## Task item
Return the data exactly, with all pictures removed.

*** Data below

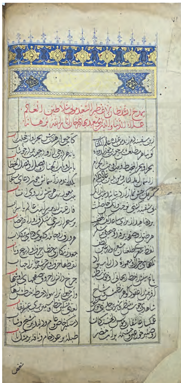
دیوان خواجه، گ ۲۱، Or. 8201، کتابخانه بریتانیا، لندن
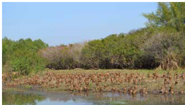
Сотни уток на берегу Жёлтой реки
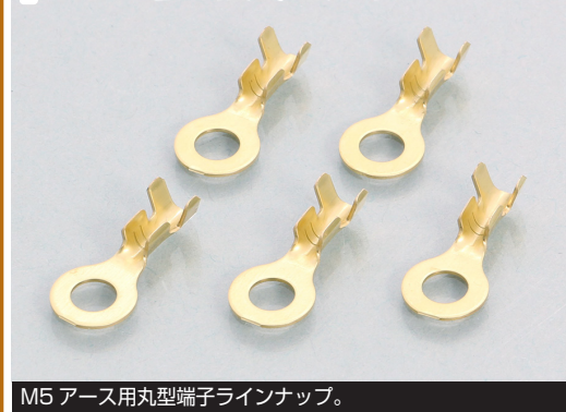
M5 アース用丸型端子ラインナップ。
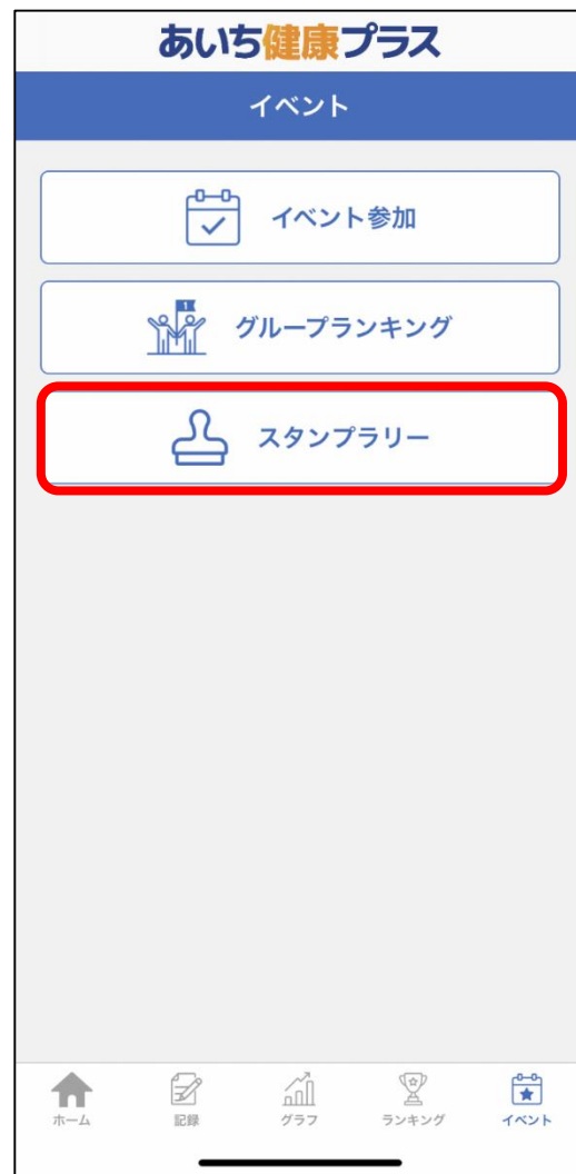
② スタンプラリーをタップ

******

## Task result
دیوان خواجه، گ ۲۱، Or. 8201، کتابخانه بریتانیا، لندن
Сотни уток на берегу Жёлтой реки
M5 アース用丸型端子ラインナップ。
② スタンプラリーをタップ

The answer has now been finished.